Kayak your bait out, about 400 feet.


----------



## Pier#r (Oct 2, 2007)

That's a (non technical) term for the longshore sandbar that roughly parallels the coastal beach about 100 yards out from the shoreline.


----------



## Charlie2 (Oct 2, 2007)

*Second Sandbar*

Anyone with the proper equipment and technique can cast to, and over, the second sandbar.

Sometimes; the fish are even closer.

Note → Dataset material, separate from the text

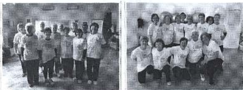
Slike. Program Sportska rekreacija za umirovljenike u Mjesnim odborima Jazine II i Stanovi.

odbora gdje je bilo potrebno osigurati sredstva za plaćanje termina u sportskim dvoranama u iznosu od 12.421,00 kuna.

C2


----------



## jcallaham (Dec 13, 2009)

that area was absolutely loaded with slimy little catfish yesterday.


----------



## Lexcore (May 5, 2012)

:thumbsup:


Pier#r said:


> That's a (non technical) term for the longshore sandbar that roughly parallels the coastal beach about 100 yards out from the shoreline.


Thank you I always wondered that my self, learning new things every day on this forum :thumbsup:


----------



## slipfloater (May 29, 2013)

Can I wade out past that first trough and stand on second bar and cast?


----------



## FlatsBoy10 (Dec 31, 2012)

You sure can but most of the time the beach break will kill u and kill ur reel... find a spot off beach where the second bar is pretty close and Wade out and throw as far as you can and walk it back in to shore... set drag pretty loose and wait...have had a lot of success this way with cut mullet and Carolina rig


----------



## NoMoSurf (Oct 2, 2007)

Or learn to pendulum cast a 12-15ft rod and get it well over the bar and never get your feet wet...


----------



## Blazerz65 (Mar 22, 2013)

Where are you guys getting your cut mullet from? Can you get them within cast net reach of the beach? Im at my condo in Topsl, right by sandestin. Im fishing right out their by the beach. I can never see any mullet nor any skippies or blues. Do i need to go to the baytown warf pier and cast net their for mullet?


----------



## startzc (Feb 4, 2013)

Hot spots has mullet most of the time.


----------



## Blazerz65 (Mar 22, 2013)

startzc said:


> Hot spots has mullet most of the time.


What is hot spots?


----------



## andrethegiant (Sep 14, 2010)

NoMoSurf said:


> Or learn to pendulum cast a 12-15ft rod and get it well over the bar and never get your feet wet...


This
Or I whip cast with my 10' rod and can make it out past the second bar also but I lose some leaders casting that way so I don't do it unless its to rough to wade out


----------



## andrethegiant (Sep 14, 2010)

Blazerz65 said:


> What is hot spots?


Hot spots bait and tackle in gulf breeze, once you cross the 3 mile bridge coming from pcola


----------



## RfmTX (Jun 5, 2013)

Got some big pompano bites today just inside the first sandbar. No long range cast required. Lost a huge one when I had fought in close (I could see it). It turned and ran away from the shore and broke the line. Poor guy was left carrying a two ounce pyramid and a pompano rig.
Almost immediately got a hit on the second pole. Successfully landed that one. Nice 13". Will try to post a pic later


----------



## Charlie2 (Oct 2, 2007)

*Second Bar*

Pompano aren't always at the Second Bar!

I have caught them when they were coming into knee-deep water to 'snatch' sand fleas. 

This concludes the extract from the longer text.